Program director Bill Drake and disc jockeys such as K.O. Bailey, Les Turpin, Ed Mitchell, and Gary Mack went against the cross town rival 1340 KMAK (now KCBL), its program director Ron Jacobs and DJs Robert W. Morgan (who would become legendary in Los Angeles), Jim Price, Glenn Adams, Jay Stevens, Frank Terry & Tom Maule.

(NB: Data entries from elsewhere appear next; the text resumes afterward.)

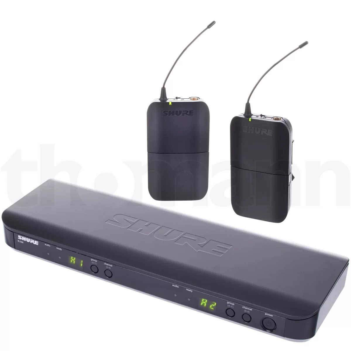 В систему входит двухканальный приемник BLX88 и два компактных поясных передатчика BLX1 для подключения различных видов микрофонов с помощью разъема TQG, а также гитар или других инструментов.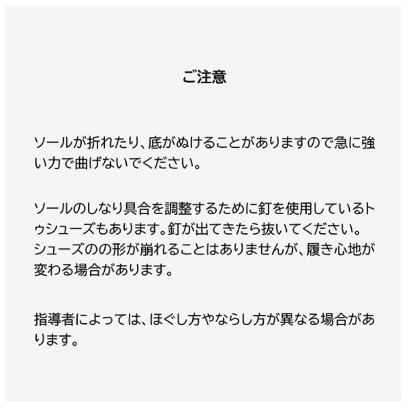 ●製法上、ソール及びインソールは釘が打たれています。弊社にて検品を実施しておりますが、ご使用前に釘が突出していないか確認の上ご使用ください。釘が抜けてもトゥシューズの成形に問題はありませんが、はき心地がかわる場合があります。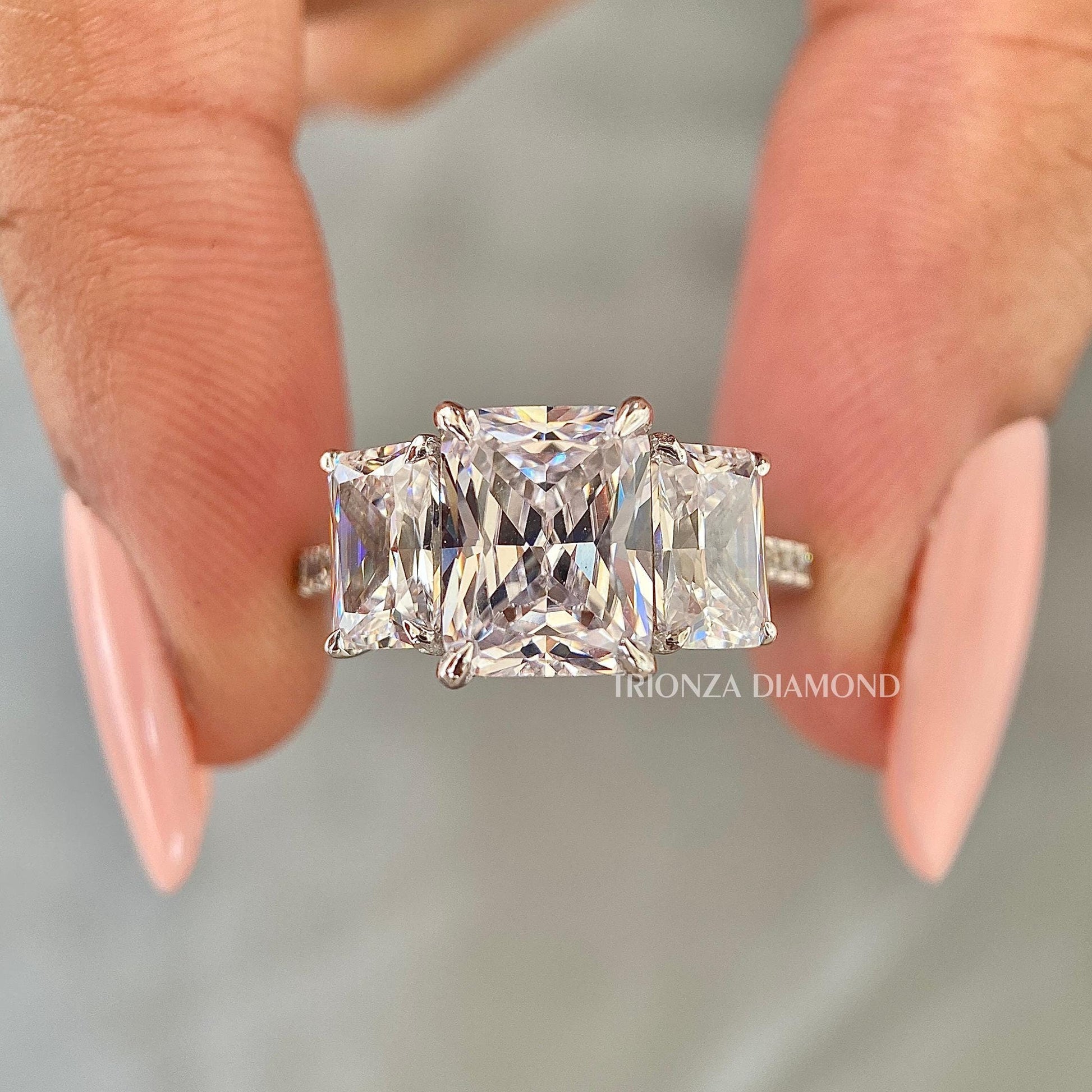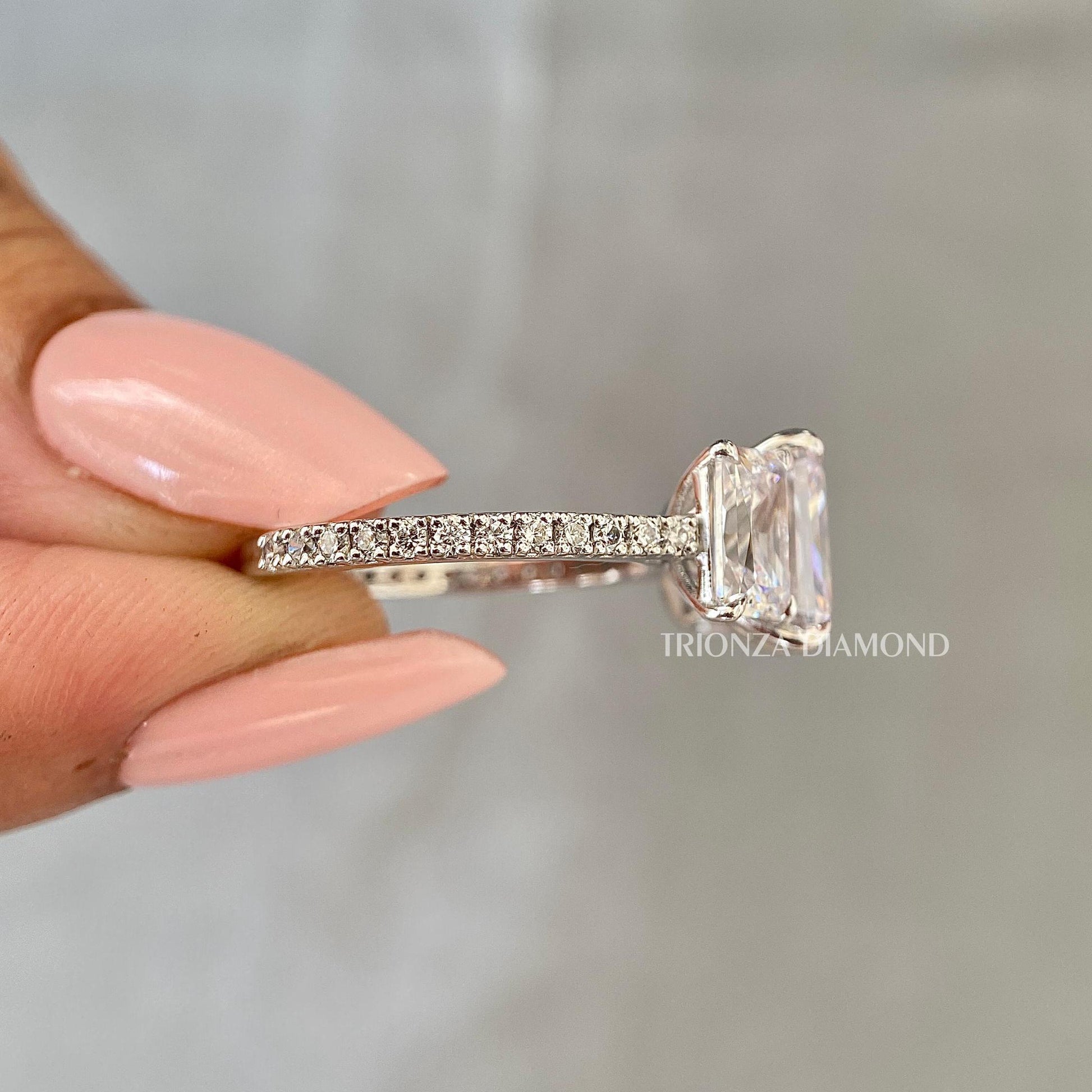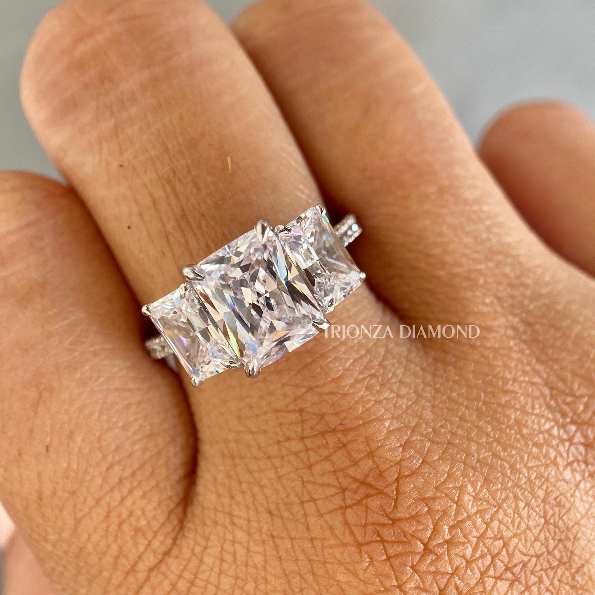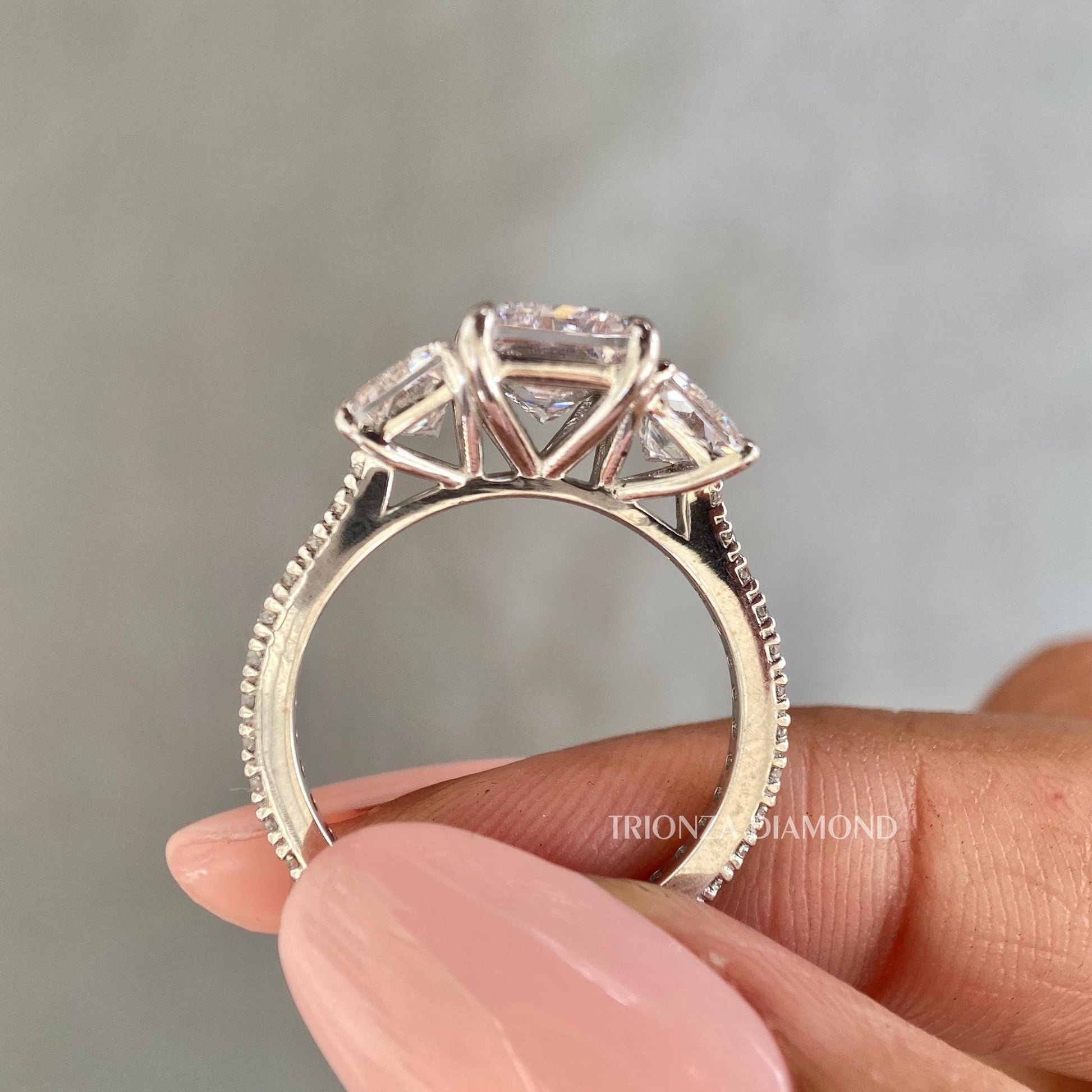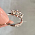 3 CT Radiant Lab Grown Diamond Three Stone Engagement Ring Pavé

This radio war is now known as the "Battle Of Fresno."

Eventually, KYNO stopped playing music and for a time was an all-sports station that carried the Fresno Grizzlies of the Pacific Coast League.

From 1999 until August 30, 2008, KYNO was a Spanish language Christian music and preaching station, known as Radio Guadalupe.

KYNO changed frequencies from 1300 AM to 940 AM on April 1, 2010 and then changed frequencies from 940 AM to 1430 AM on October 6, 2012.

KFIG
In 2008, the station was purchased by John Ostlund, owner of FM station KJWL. 

The new ownership changed to a politically conservative news/talk format (one of five such formats in the region) on September 1, 2008, starting with a lineup featuring nationally syndicated talk show hosts, such as Bill O'Reilly, Dennis Miller, Dr. Laura, Don Imus and Larry King Live.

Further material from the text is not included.